I think it was about 1936 that our parents bought the wireless, and that was the greatest thing, bringing in contact and news of the area and other parts of Australia and overseas into our home. They bought the Console type wireless from Bill Cornish who was the first one to stock and repair radios in Swan Hill. And Bill was prominent in the beginning of Radio 3SH in Swan Hill.

The Console was really a piece of attractive furniture, being about three foot tall of polished Walnut wood. It was a Stromberg Carlson and used with batteries, which meant that you saved the batteries by listening only to important programs, for example, The News, and maybe early evening serials such as "Dad and Dave" or "Martin's Corner" or "Mittens". Mum always enjoyed listening to "The Lux Theatre" of a Sunday night, and Dad liked to listen to the cricket.

The battery had to be taken to Piangil to be recharged so you had two, one in use and one getting charged. And taking it to Piangil was not an easy procedure. Ten miles of sandy roads in the gig, or later on by truck when Dad bought a 1928 Chev. for carrying stumps and wool etc. Nobody left the wireless on for background music, it was too wasteful on the battery.

My love of the Mallee

I'm very grateful that I've been able to spend most of my life in the Mallee as this is a great place. Such a wonderful place of great people, good friends, fresh air and sunshine. It is also a place which is tough and moulds character. You don't conquer the Mallee, you live with it, and try and keep your head and your spirit up.

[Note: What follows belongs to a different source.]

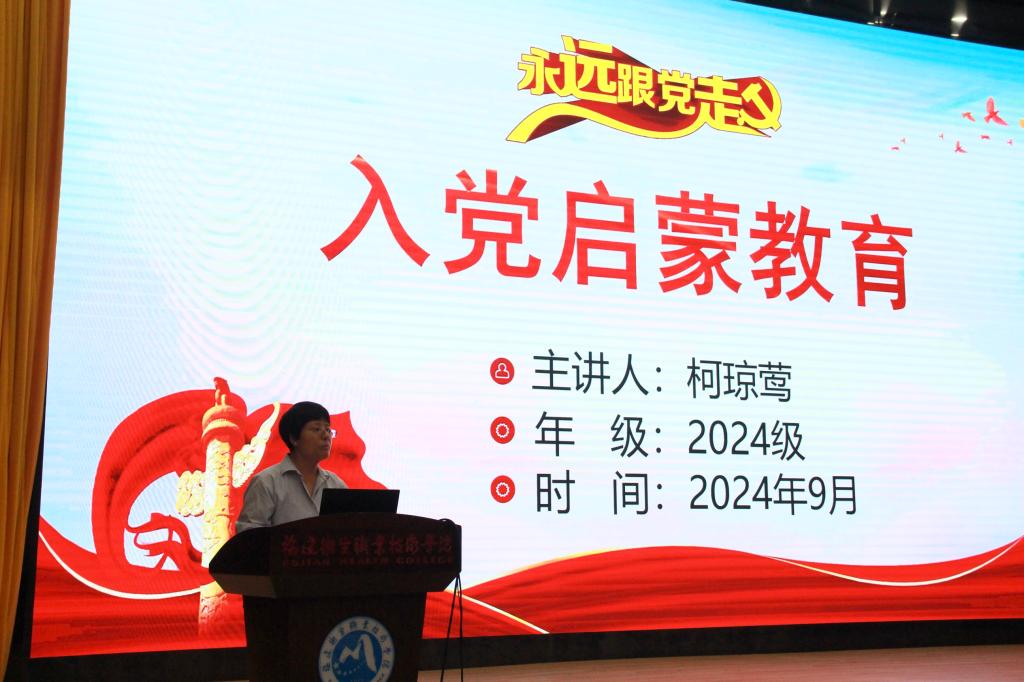 醫(yī)學(xué)技術(shù)與工程學(xué)院黨委書記柯瓊鶯先后以“中國共產(chǎn)黨是怎樣的政黨?”“中國共產(chǎn)黨黨員是怎樣的人?”“我們想要過怎樣的人生 ?”三個問題進(jìn)行入黨啟蒙與動員,結(jié)合視頻資料,利用豐富生動的畫面音效,引導(dǎo)新生們要加強理論修養(yǎng)、堅定政治立場、提升能力素質(zhì),積極向黨組織靠攏,并以實際行動接受黨組織的考驗,爭取早日加入中國共產(chǎn)黨,真正做到不負(fù)時代,不負(fù)韶華。

I'm very grateful to my parents for many things. They gave me a great family, a great life, and a good education, and I know they had to do without, to go without to do the last one. They gave me a lot of the important things, and not so much of the lesser things. They gave me a lot of love, happiness, opportunity and understanding, and very little of some material things, for these we had to work, and thus appreciate them so much more. For example, every time I look at my green lawn I value it immensely when the only lawn I saw as a child was the whiskery clumps of couch grass by the dam. And water is so precious and so wonderful that I never tire of admiring it.